What is needed:
Your task is to restate the listing word for word without the pictures.

═════ Stored data

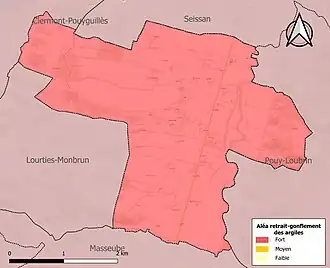 Le retrait-gonflement des sols argileux est susceptible d'engendrer des dommages importants aux bâtiments en cas d’alternance de périodes de sécheresse et de pluie. La totalité de la commune est en aléa moyen ou fort (94,5 % au niveau départemental et 48,5 % au niveau national). Sur les 77 bâtiments dénombrés sur la commune en 2019, 77 sont en aléa moyen ou fort, soit 100 %, à comparer aux 93 % au niveau départemental et 54 % au niveau national. Une cartographie de l'exposition du territoire national au retrait gonflement des sols argileux est disponible sur le site du BRGM[19],[Carte 3].
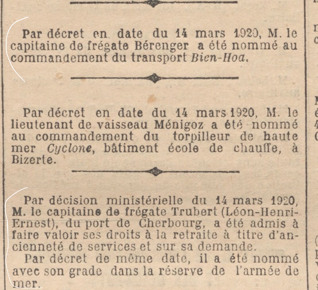 C'est le capitaine de frégate Bérenger qui l'a remplacé depuis le 14 mars 1920.
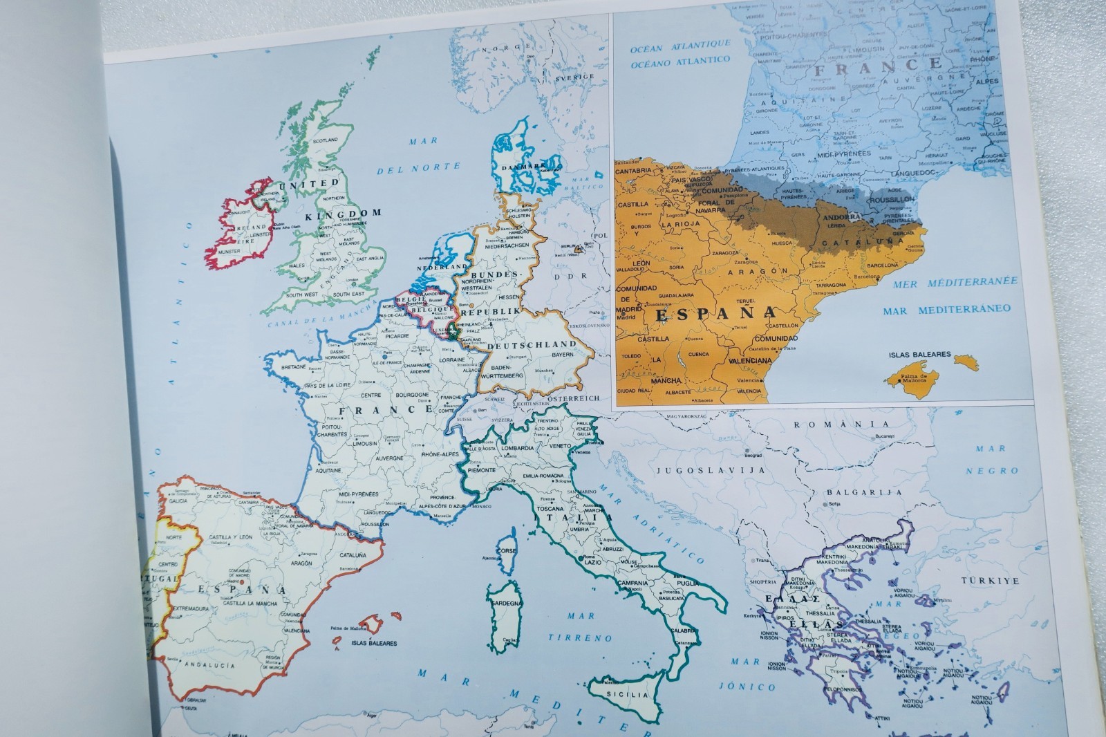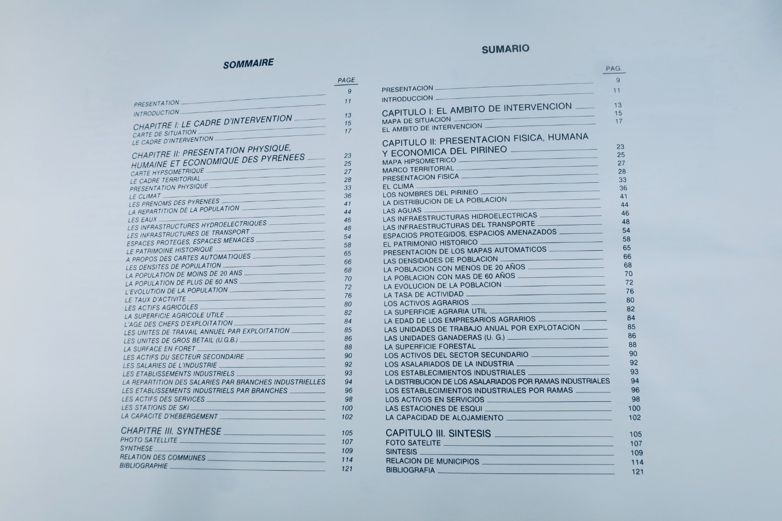 Délégation de l’Aménagement du Territoire et à l’Action Régionale & Ministerio de Obras Publicas y Urbanismo, à Madrid, 1989. In-folio à l’italienne monté sur spirale, 31 x 43 cm., bords frottés, 121 pp., cartes, transparents et photos. Texte en français de Jean-Paul Laborie avec traduction en regard en espagnol de José Maria Pala. Ouvrage paru avec la Délégation de l’Aménagement du Territoire et à l’Action Régionale et Espanya Ministerio de Obras Publicas y Urbanismo, Instituto del Terriforie y Urbanismo

══════════

Your response:
 Le retrait-gonflement des sols argileux est susceptible d'engendrer des dommages importants aux bâtiments en cas d’alternance de périodes de sécheresse et de pluie. La totalité de la commune est en aléa moyen ou fort (94,5 % au niveau départemental et 48,5 % au niveau national). Sur les 77 bâtiments dénombrés sur la commune en 2019, 77 sont en aléa moyen ou fort, soit 100 %, à comparer aux 93 % au niveau départemental et 54 % au niveau national. Une cartographie de l'exposition du territoire national au retrait gonflement des sols argileux est disponible sur le site du BRGM[19],[Carte 3].
 C'est le capitaine de frégate Bérenger qui l'a remplacé depuis le 14 mars 1920.
 Délégation de l’Aménagement du Territoire et à l’Action Régionale & Ministerio de Obras Publicas y Urbanismo, à Madrid, 1989. In-folio à l’italienne monté sur spirale, 31 x 43 cm., bords frottés, 121 pp., cartes, transparents et photos. Texte en français de Jean-Paul Laborie avec traduction en regard en espagnol de José Maria Pala. Ouvrage paru avec la Délégation de l’Aménagement du Territoire et à l’Action Régionale et Espanya Ministerio de Obras Publicas y Urbanismo, Instituto del Terriforie y Urbanismo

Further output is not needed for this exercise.